There are some weird things in your code.
What you call “permutations” is more like a Cartesian product that can be calculated using itertools.product .
Since Python is indexed with a null value, the first element of the line is index 0, so a comparison like i[2].find(sMotif) < 1 will return True if the line is right at the beginning, which seems a little strange.

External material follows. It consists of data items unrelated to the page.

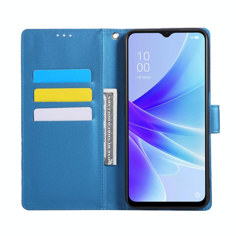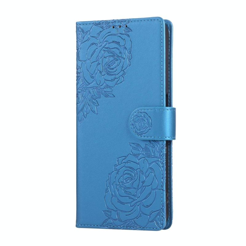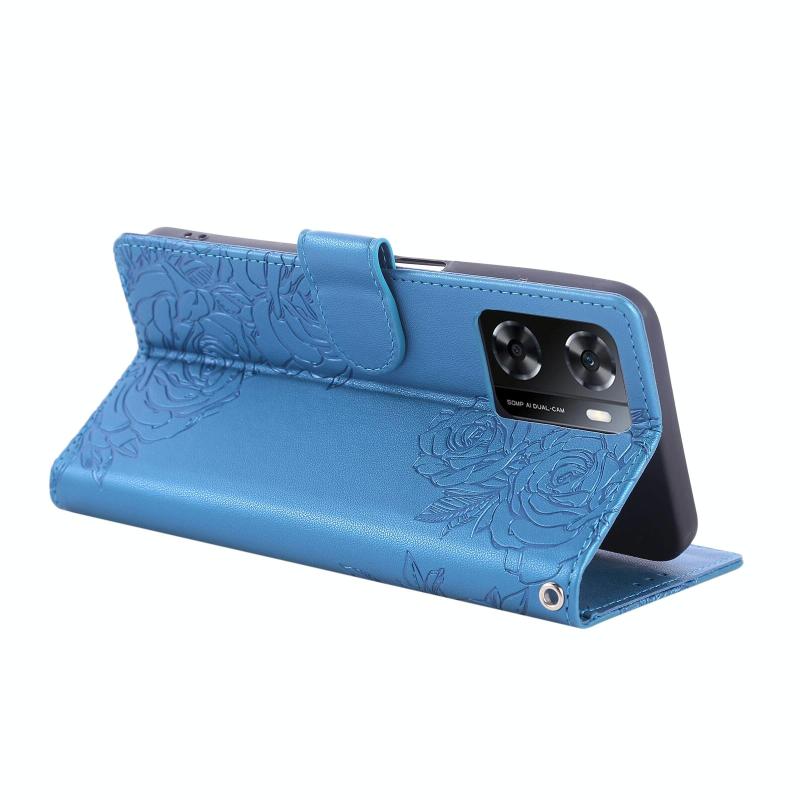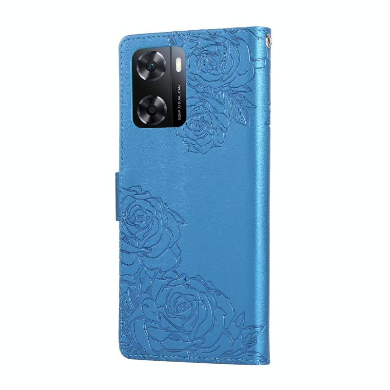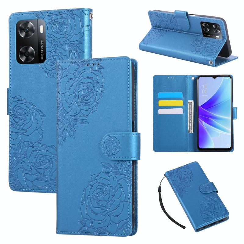 For OPPO A77 Rose Flower Embossed 3-Card Slots Leather Phone Case(Blue)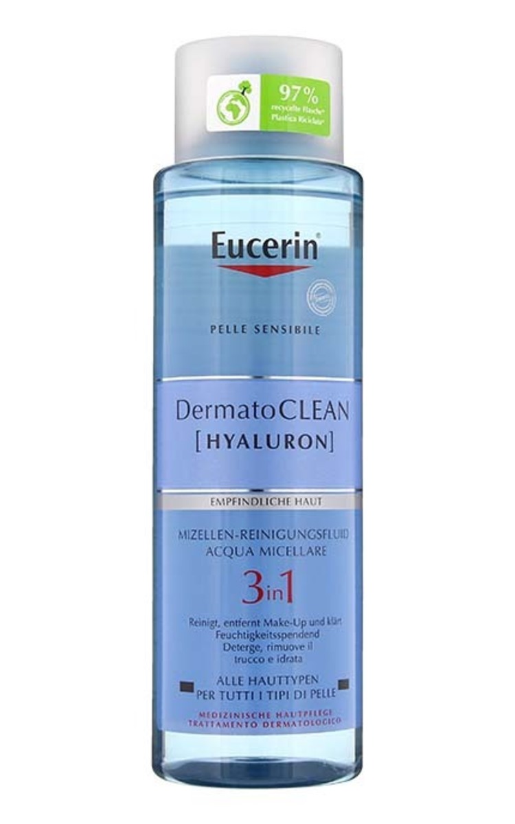 Eucerin DermatoClean мицеллярный очищающий флюид 3in1 - это освежающее очищающее средство, которое удаляет весь водорастворимый макияж с глаз и лица, помогает коже дышать, быстро и просто в использовании, протестировано и одобрено для чувствительной кожи и кожи вокруг глаз. Содержит инновационную комбинацию активных ингредиентов, образованных комплексом APG - эффективным и в то же время бережным очищающим комплексом. Гликоглицерин – натуральный увлажняющий активный ингредиент, гиалуроновая кислота – активный ингредиент в средствах по уходу за кожей, обладающий отличной способностью притягивать воду. В результате применения кожа лица и вокруг глаз чистая и успокоенная, кожа заметно мягче и эластичнее, лучше подготовлена к процессу регенерации.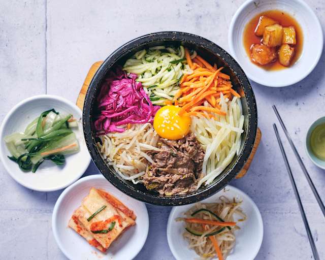 - Bibimbap servi dans un bol en pierre chaud. Au choix : au porc / poulet / bœuf ou tofu
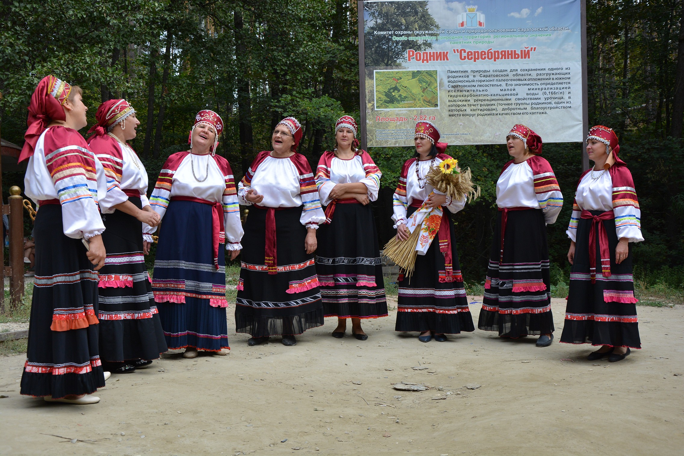 На роднике «Серебряный», который находится на особо охраняемой природной территории регионального значения, участников пресс-тура встретил творческий коллектив «Рябина». Он показал обрядовые зарисовки праздника «Осенины». В этот день благодарят лето за урожай и приветствуют наступившую осень. Рядом с родником находится гостевой дом для туристов «Серебряный бор», где можно остановиться на ночлег.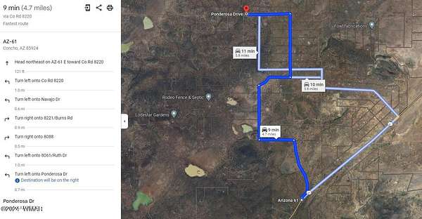 Est $125/mo1 acre corner lot located on CR 8117 and Ponderosa in Concho. This lot is far enough away from town for peace and quiet. 20 minutes to Show Low or Concho Valley either way. Listing agent is a principal of the seller LLC and a licensed broker in the state of Arizona. Property acquired through tax lien foreclosure, so little is known about its history other than what could be obtained through public records. Buyer to verify all material facts during inspection period.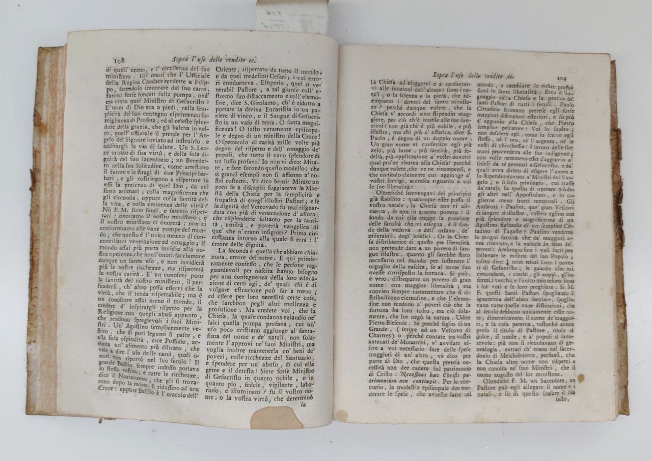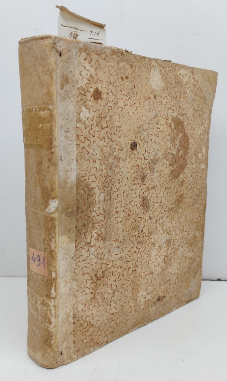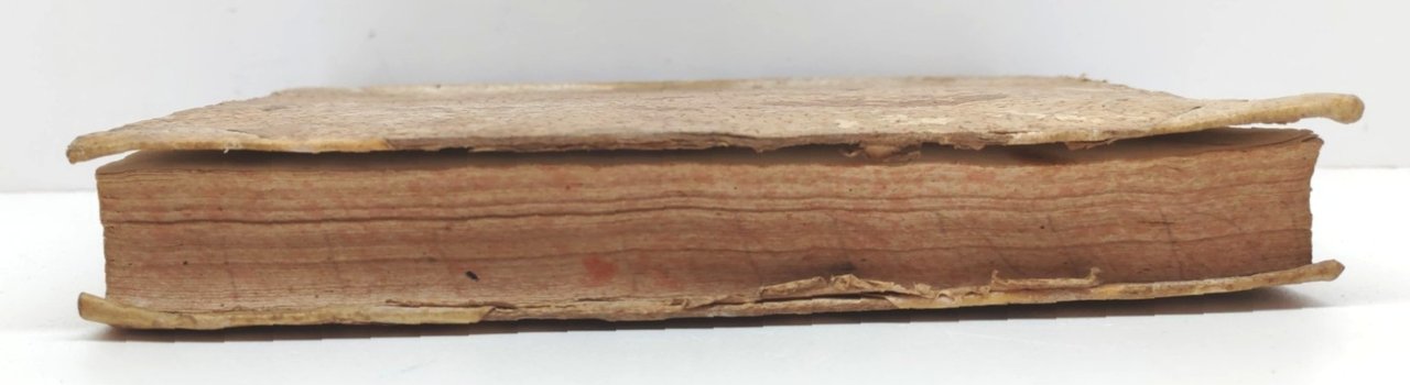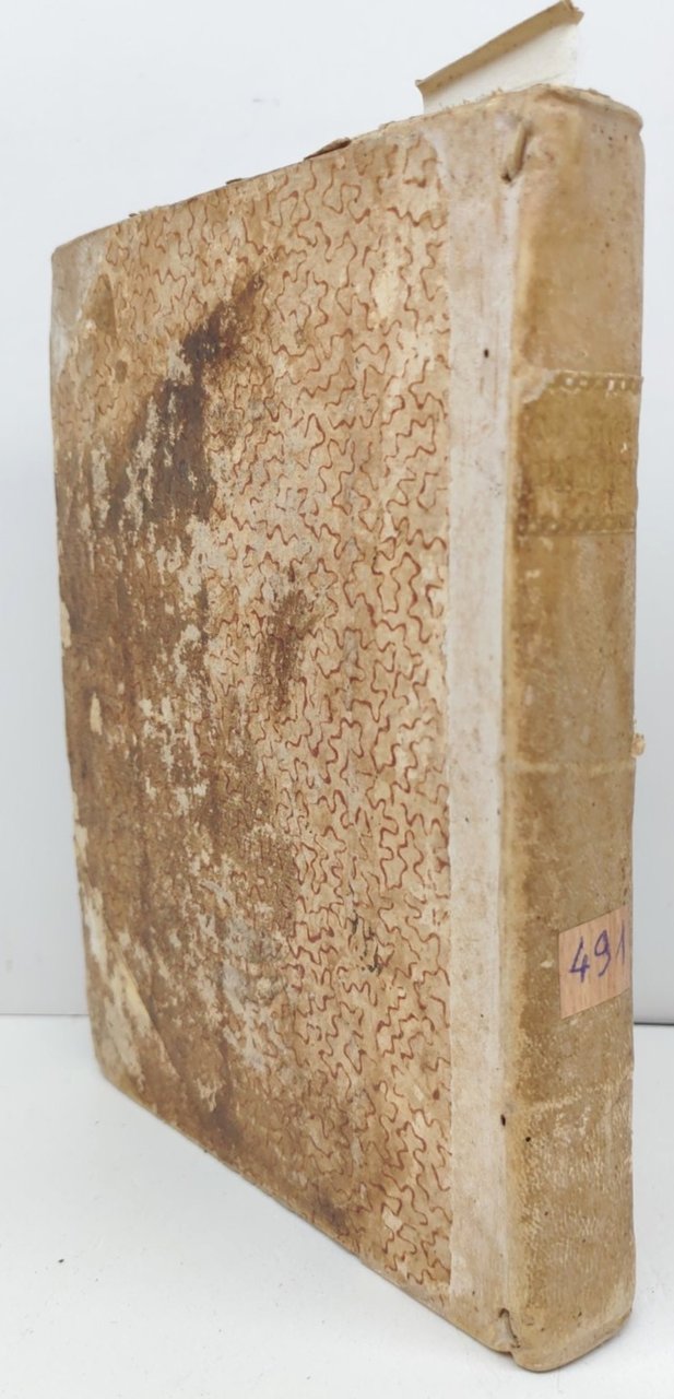 legatura rigida in mezza pelle con piatti cartonati in condizioni accettabili con aloni e macchie, dorso in pelle con etichetta di catalogazione e tassello con il titolo leggermente sbiadito, alcune lievi mancanze, tagli spruzzati in rosso impolverati quelli superiori, rotture all'unghia delle pagine, seconda di copertina con ex-libris e alcune lievi macchie, interno in discrete condizioni, testatine dei capitoli xilografate, alcune macchie alle pagine interne che non vanno a disturbare la lettura, numero pagine 387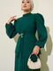 طقم من قطعتين باللون الزمردي مع تنورة جانبية مكشكشة ومطوية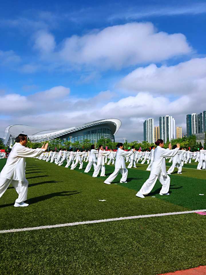 我院老师在太极拳表演,动作整齐优美,为群体活动增加了亮色,也确保了道德风尚奖的获得(沈一新老师照)!要感谢没有上场的替补队员,有大家的功劳。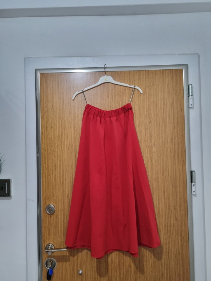 Kadınlar için uzun, salaş kesim ve drapeli detaylara sahip, parlak kırmızı sentetik kumaştan üretilmiş etek. Minimalist ve şık tarz için uygundur.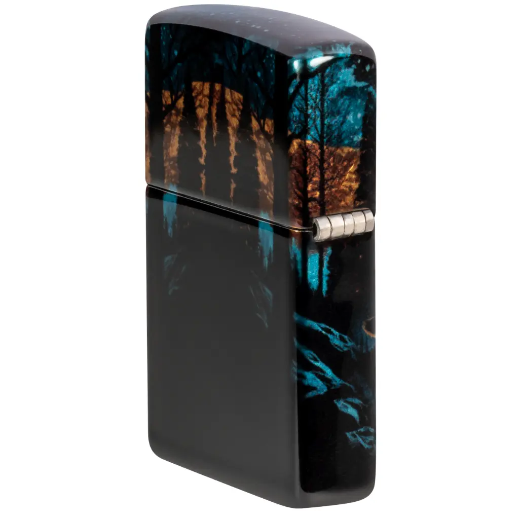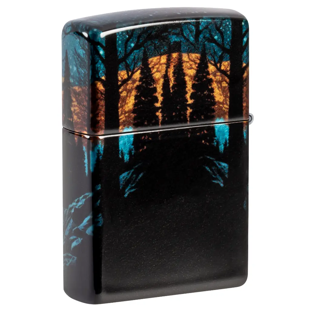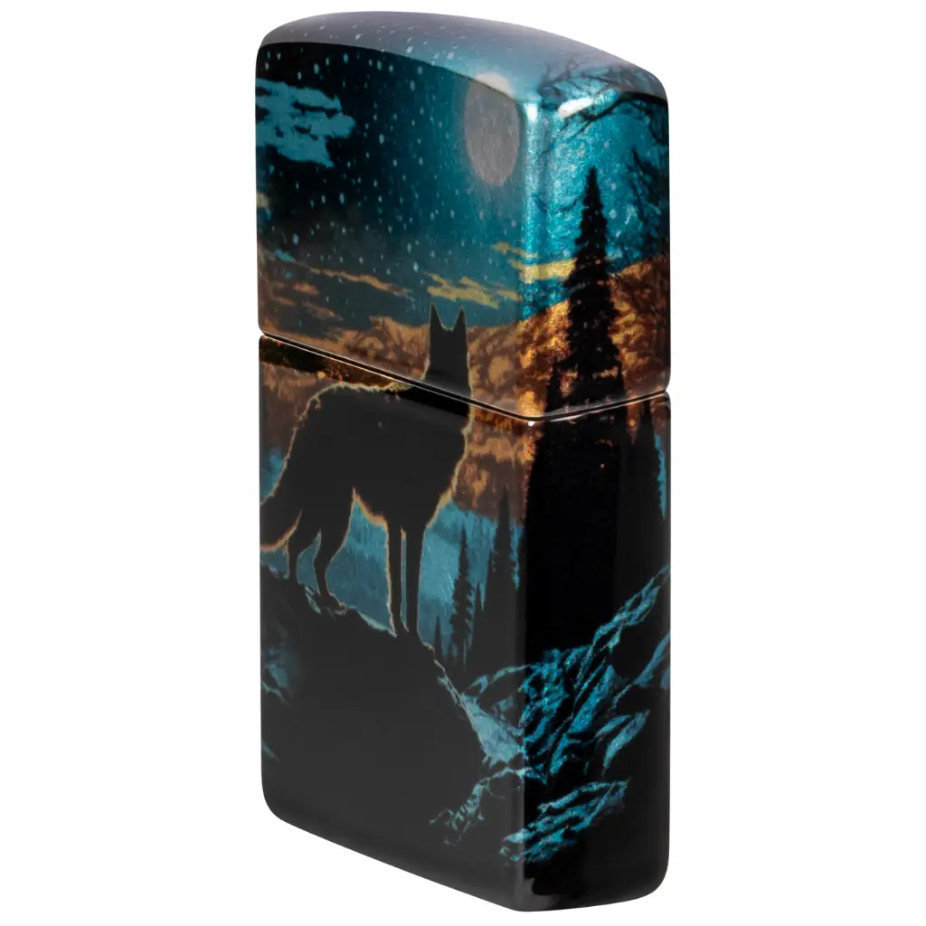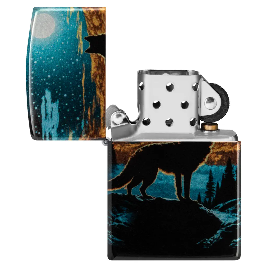 Usamljeni vuk promatra krajolik obasjan mjesečinom na ovom klasičnom upaljaču Tumbled Chrome u blistavom dizajnu 540 Fusion. Dolazi pakiran u poklon kutiji.

Your OddsRatio, PValue and Enrichment calculations are inside the loop, but neither zeroing counts, nor print means that you calculate them cumulatively for each new line, but do nothing with this information.
You repeat i[2].find(sMotif) several times in the typical case. This result is not cached.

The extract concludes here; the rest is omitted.